Segment Start: Data for processing
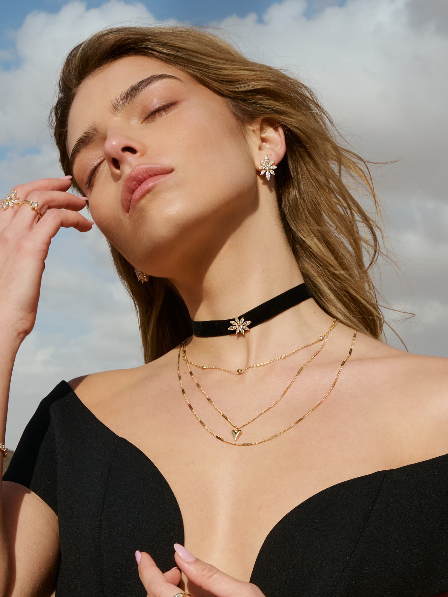 Colar choker flor banhado a Ouro com zircónias
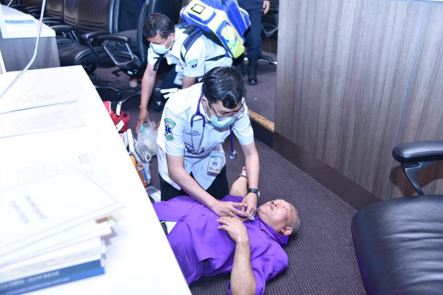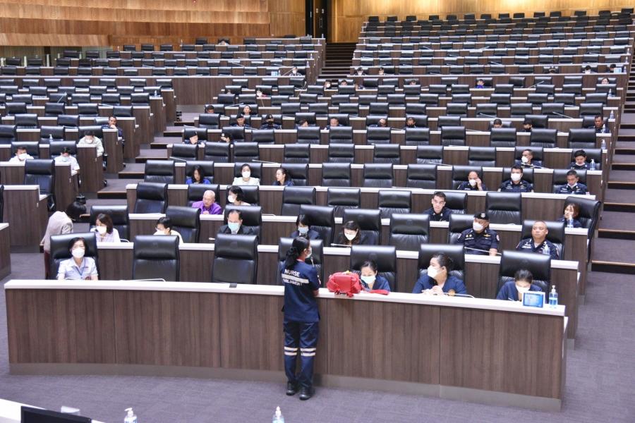 วันศุกร์ที่ 1 กันยายน 2566 เวลา 09.00–12.00 นาฬิกา นายสาธิต ประเสริฐศักดิ์ และ น.ส.กัลยรัชต์ ขาวสำอางค์ รองเลขาธิการสภาผู้แทนราษฎร พร้อมด้วยผู้บริหารสำนักงานเลขาธิการสภาผู้แทนราษฎร และบุคลากรที่ปฏิบัติงานเกี่ยวข้องกับการประชุมสภาเข้าร่วมซักซ้อมแผนปฏิบัติการด้านการแพทย์ฉุกเฉินและการลำเลียงผู้ป่วยวิกฤตฉุกเฉินส่งโรงพยาบาล เพื่อเตรียมความพร้อมสำหรับการพยาบาลผู้ป่วยเบื้องต้นและปฏิบัติการทางการแพทย์ฉุกเฉิน ณ จุดเกิดเหตุในวันที่มีการประชุมสภาผู้แทนราษฎร อาทิ ห้องประชุมสภาผู้แทนราษฎร และห้องพยาบาล ชั้น 2 อาคารรัฐสภา และอาคารจอดรถ ชั้น B1 รวมทั้งบริเวณริมแม่น้ำเจ้าพระยา
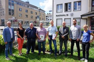 V.l.n.r.: Oberbürgermeister Dirk Meid, Svenja Schäfges-Zimmer, Wolfgang Goeken, Dirk Petzenhauser, Jürgen Dorn, Gerd Schlich, Michael Brodam und Ina Rüber-Teke
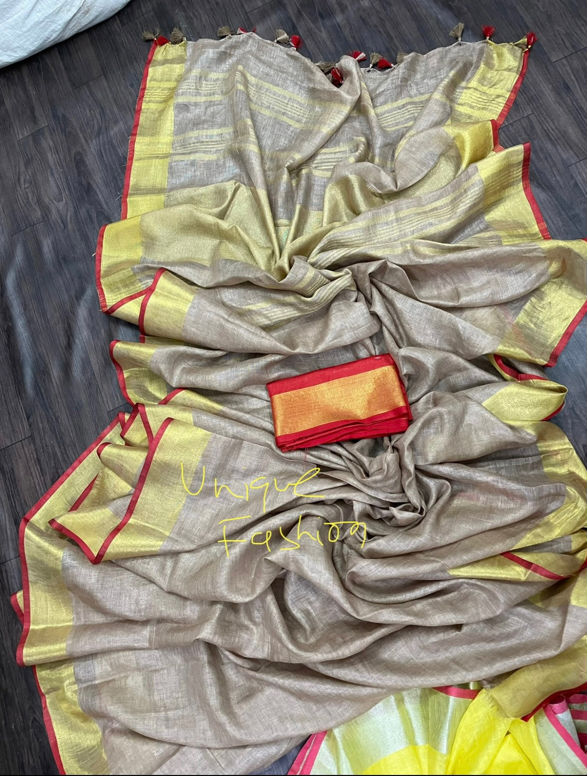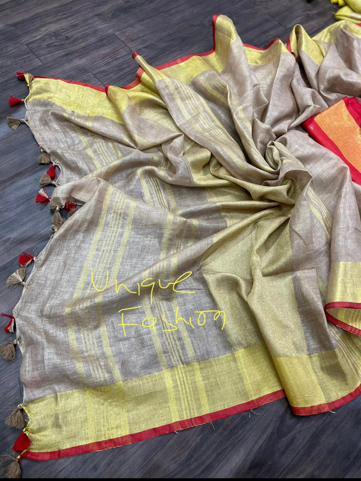 Khaki Linen Saree(Search Code-10117)
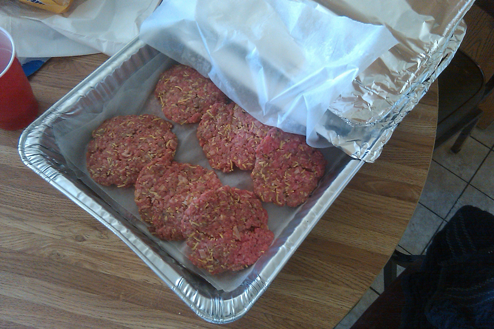 35 BBQ bacon cheddar burgers and a 7″ x 11″ pan full of a six-layer chili cheese dip made with Skyline Chili, cream cheese, and shredded sharp cheddar cheese. I’m getting hungry just thinking about it.
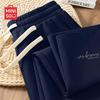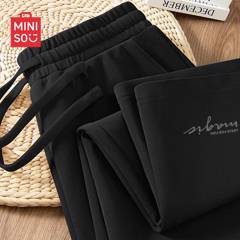 These Miniso men's casual straight-leg pants offer comfort and style with a loose fit and drawstring waistband. Crafted from a breathable 65% cotton and 35% polyester blend with slight stretch, they feature a subtle 'mk' letter graphic. Perfect for daily wear, home, or light activities, these full-length trousers are suitable for spring and autumn seasons.
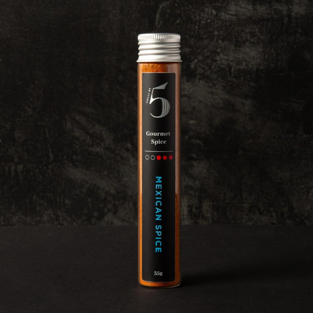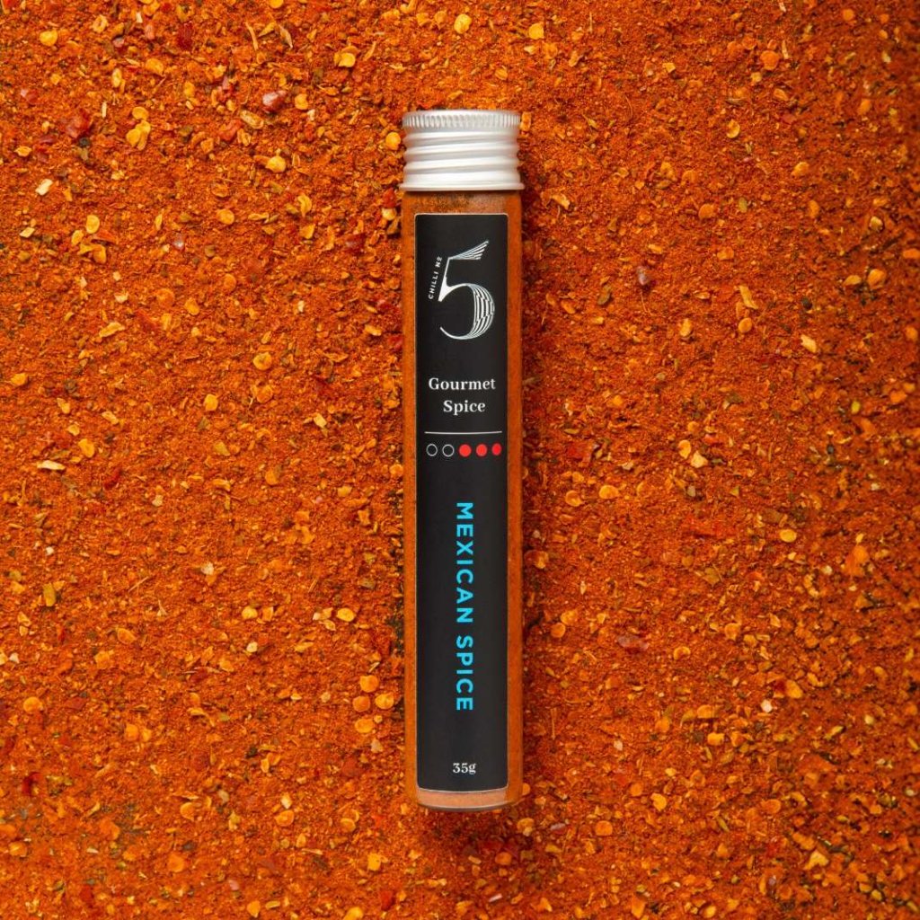 - MEXICAN SPICE de Chilli No5 es una mezcla de especias gourmet inspirada en la cocina tradicional mexicana, que es conocida por su distintivo sabor ahumado y picante.
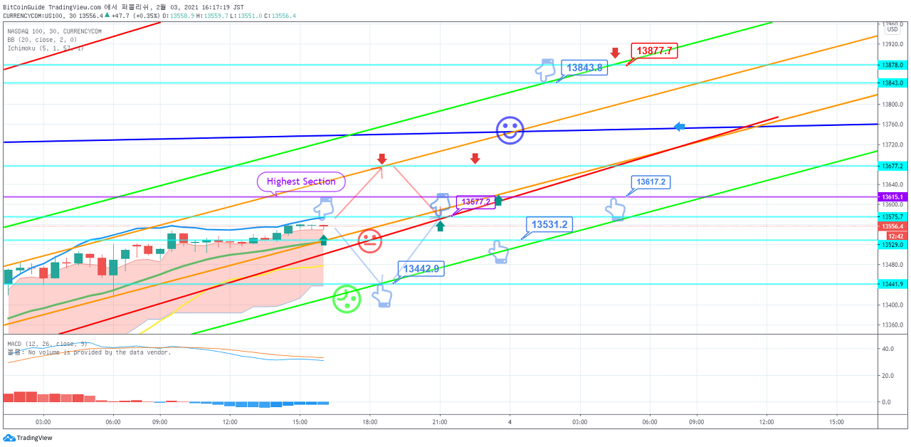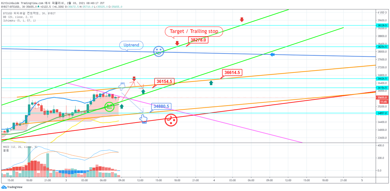 (LONG) 1. 진입 지점 : 34080.0 지점을 상향 돌파시 목표 지점 : 1차 35575.0 지점 이상, 2차 37070.5 지점 이상 Stop Loss : 33581.5 지점
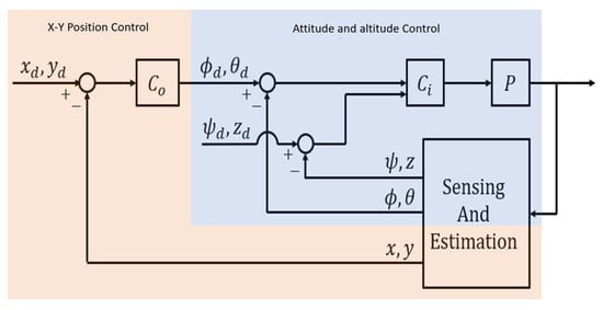 The linearized model is decoupled for each attitude angle control and altitude control. The attitude and altitude control is achieved by using an inner loop control, while the x-y position control is accomplished by an outer loop control, as shown in Figure 6. The attitude and altitude controller provides a thrust and moment command to the actuator based on the desired value and estimated state values to achieve feedback control.
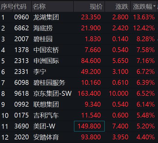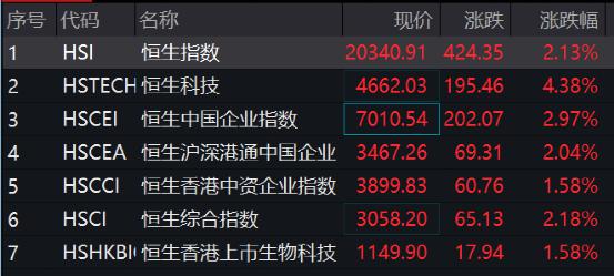 港股市场今日同样高开:恒生指数涨 1.61%,再度突破 20000 点;恒生国企指数涨 2.25%,恒生科技指数大涨 3.56%。截至发稿,恒指涨超 2%,恒生科技大涨超 4%。地产、消费涨幅居前,龙湖集团、海底捞均涨超 10%。
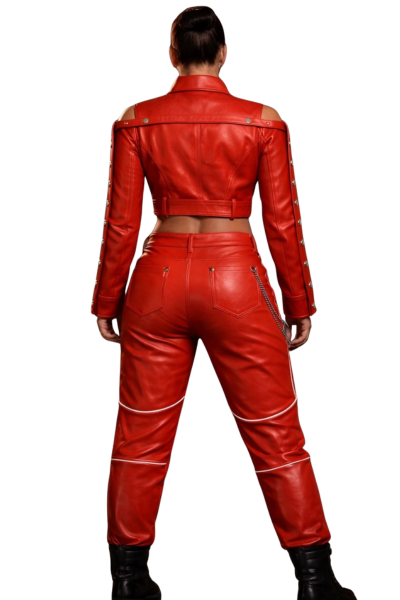 Make a bold and stylish look this Valentine’s Day with this red leather outfit. Made from 100% real leather, this set includes a cropped jacket with shoulder cut-out details and metal buttons, along with high-waisted pants that have white piping and a side chain for extra style.
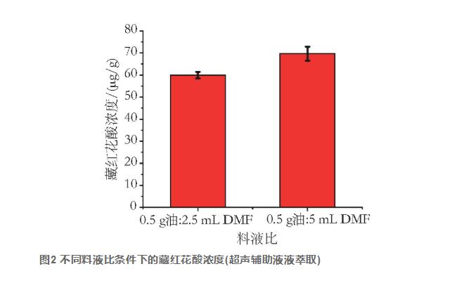超聲波輔助液液提純的研究結(jié)果顯示:隨DMF容積慢慢提升,水溶液慢慢混濁,7.5 mL以及上面的水溶液清亮度很低,不具備透光度。DMF容積在12.5 mL時(shí),水溶液離心式后不分層次。因而,DMF容積為7.5、10 mL和12.5 mL的樣本不可以開展高效液相剖析。對(duì)2.5 mL DMF和5 mL DMF的枙子油提純物開展高效液相剖析,結(jié)果如圖2所顯示:5 mL DMF時(shí)玫瑰花茶酸濃度值均值為69.65 μg/g,高過2.5 mL DMF時(shí)玫瑰花茶酸濃度值均值為59.93 μg/g。因而,在超聲波輔助液液萃取標(biāo)準(zhǔn)下,最佳料液比挑選0.5 g油:5 mL DMF。
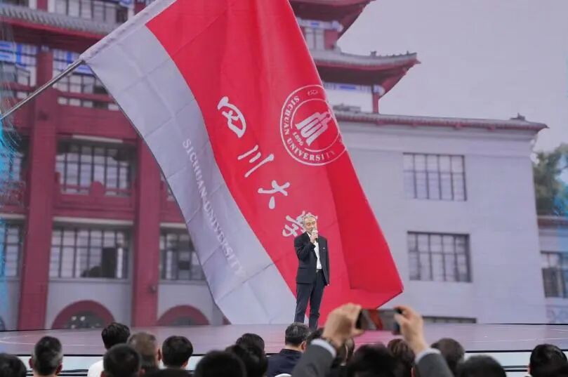 伴随悠长琴音,四川大学校长汪劲松徐徐开讲。他用川大校旗的三种颜色,引出一代代优秀川大青年的奋斗故事,讲述着川大人的三种担当。“锦锈红”,是川大青年赓续红色血脉、忠诚许国的象征;“优雅灰”,是川大青年淡泊名利、科研报国的象征;“纯洁白”是川大青年白衣执甲、逆行而上守护家园的象征。回望历史,正是这群优秀青年汇聚大学“求学问道”,又从大学起航,投身民族复兴伟业,以青春“小我”书写强国“大我”。汪校长勉励当代青年:“用青春和汗水创造出让世界刮目相看的新奇迹!”
Segment End: Data for processing
- _About this exercise_: Reproduce the entries exactly, from the line with "(LONG) 1. 진입" to the line with "The linearized model", both lines included, keeping no pictures.

- _Exercise result_:
 (LONG) 1. 진입 지점 : 34080.0 지점을 상향 돌파시 목표 지점 : 1차 35575.0 지점 이상, 2차 37070.5 지점 이상 Stop Loss : 33581.5 지점
 The linearized model is decoupled for each attitude angle control and altitude control. The attitude and altitude control is achieved by using an inner loop control, while the x-y position control is accomplished by an outer loop control, as shown in Figure 6. The attitude and altitude controller provides a thrust and moment command to the actuator based on the desired value and estimated state values to achieve feedback control.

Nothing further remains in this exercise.